Send your Apollo contact your IdP SAML XML metadata file. If you can't send this file, send one of the following instead:

  • IdP entity ID

  • IdP single sign-on URL / SSO URL

  • IdP x509 certificate

Your Apollo contact will then be able to complete your SSO setup.

Once your SSO setup is live, assign users to your new Apollo GraphOS application in your IdP. For help assigning the relevant groups and users, contact your SSO or Identity & Access Management team.

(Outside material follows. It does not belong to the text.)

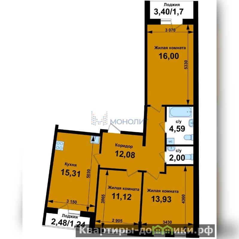 Хорошая планировка, все комнаты изолированные, окна выходят на 2 стороны:
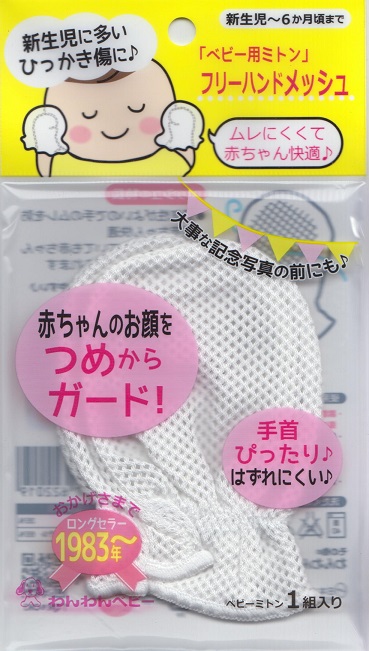 日本パフ 新生児用フリーハンドメッシュベビーミトン

If team members could previously login before you implemented SSO, they must re-login to GraphOS Studio via SSO. Signing in creates a new user profile for them. Any personal API keys associated with their previous user profile will be lost. (Graph API keys are unaffected and remain functional.) Additionally, you must reassign any GraphOS roles associated with their previous user profile.

Legacy setup

⚠️ caution
The below instructions are provided for reference only. Beginning in April 2024, Apollo recommends that all organizations use the updated instructions to create a new SSO connection.If you previously configured SSO using the instructions below and want to use multi-organization SSO you must create a new SSO connection with the updated instructions.
Click to see legacy instructions
  1. Create a new application in your SSO environment. While doing so, set the following values:
  2. If possible, upload the appropriate Apollo SAML metadata for your organization:
  3. Set your Single Sign on URL or ACS URL to the following:https://sso.connect.pingidentity.com/sso/sp/ACS.saml2You can also use this value for the following fields:
    • Recipient
    • ACS (Consumer) URL Validator
    • ACS (Consumer) URL
  4. Set your Entity ID according to the following:
    • If your organization does not already use PingConnect as an Entity ID, use PingConnect.
    • If your organization does already use PingConnect, use the following value: fd76e619-6c0a-461c-912d-418278929d60
  5. Set your RelayState to the following value:https://pingone.com/1.0/fd76e619-6c0a-461c-912d-418278929d60
  6. Set the following user attributes:
    • sub: user.email
      • The sub attribute should uniquely identify any particular user to GraphOS. In most cases, user.email provides this unique mapping.
    • email: user.email
    • given_name: user.firstName
    • family_name: user.lastName
  7. Assign users to the Apollo GraphOS application.
    • Reach out to your SSO or Identity & Access Management team for help assigning the relevant groups and users to Apollo GraphOS.
  8. Send your Apollo contact your identity provider (IdP) SAML XML metadata file.If you can't send this file, send one of the following instead:
    • IdP entity ID
    • IdP single sign-on URL / SSO URL
    • IdP x509 certificate
  9. Your Apollo contact will complete your SSO setup.